The HT18V3 REALLY wants big airspace (not that the [email protected] is bad but [email protected] is MUCH better)...
Which becomes 72" x 24" x 26.19" so if you can spare another foot of space into the living room then you could do the 20 cuft and have a full depth counter top to work with... (click on this image to play with the dimensions on the actual website.) And if you put the slot port on the side against the wall you'll get even better boundary loading.


----------



## knever3 (Mar 9, 2009)

Wow! I didn't expect that much volume, thank you so much for the visual graphs and pictures. I planned to make tight doors and putting shoes in there, but don't know now. My wife would not be happy if we couldn't utilize the space to some extent. I plan on removing it and building from scratch so nothing is out of reach. I just want to build it once. I would need some good latches and seals to make doors work. Being it will be vented it's not as critical as a sealed enclosure, but I want a positive seal nonetheless. I don't plan on max volume since my front stage is just Definitive Technology xtr-50's. I just want better performance than my paltry 10" Eosone. The room volume is over 5,000 cu/ft.











Sent from my SM-G960U1 using Tapatalk


----------



## Forddenial (8 mo ago)

Door weather stripping (that stuff in a roll with the adhesive back) around the perimeter of the cabinet door(s), sturdy hinges and those ikea fasteners to lock it closed when you want to use the sub. Magnet latch to hold the door closed when sub is not in use.

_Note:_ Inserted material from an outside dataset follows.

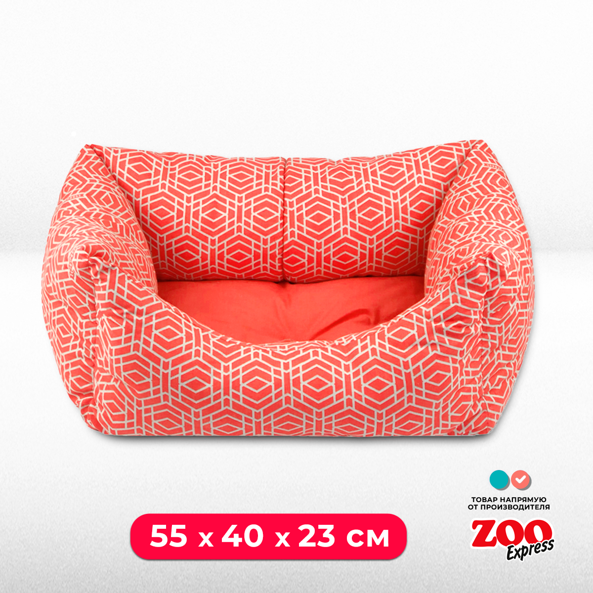 Лежанка пухлик для собак и кошек ZOOexpress Геометрия №4, 55х40х23 см, коралловый информация:

Maybe cut a shallow slot or recess the doorway lip a skitch so the door seals well without having to force it shut with the weather strip


----------



## daloudin (Nov 2, 2020)

knever3 said:


> Wow! I didn't expect that much volume, thank you so much for the visual graphs and pictures. I planned to make tight doors and putting shoes in there, but don't know now. My wife would not be happy if we couldn't utilize the space to some extent. I plan on removing it and building from scratch so nothing is out of reach. I just want to build it once. I would need some good latches and seals to make doors work. Being it will be vented it's not as critical as a sealed enclosure, but I want a positive seal nonetheless. I don't plan on max volume since my front stage is just Definitive Technology xtr-50's. I just want better performance than my paltry 10" Eosone. The room volume is over 5,000 cu/ft.
> 
> 
> 
> ...


Even at low volume, sealing doors would require hermetic seals with full perimeter clamping force and then you've still got the vibrating shoe laces and the shoes themselves dancing around inside the cabinet. You'd be way better off building the storage on to the back of the enclosure than trying to use the interior airspace. Even if you could seal the doors effectively, one high volume run at 1,450 Watts to show off and you run the risk of blowing out the seals and then there's wear and tear on the seals from opening and closing them daily... Not a good idea.

Spousal acceptance factor is critical for long term enjoyment. See how she feels about doubling the depth of the cabinet 1st to see how much room you have to work with and then we can compare alignments to optimize the output and bandwidth to match the XTR-50 which fall off a cliff around 90Hz. With 5k Cubic foot listening space you're going to need the Sub to provide at least some of the midbass and not just LFE output.

Do you have a DSP to Time Align the Sub to the Front Stage?


----------



## knever3 (Mar 9, 2009)

I don't have a DSP perse, but I do have Audyssey on my Denon 4308ci. I was planning on miniDsp after I get it done though. I thought midbass would be a problem, although I made a mistake and my speakers are the Mythos Two and Three respectively. A slightly better response, but a far cry from my Eosone RSF-1000's used for mains previously. 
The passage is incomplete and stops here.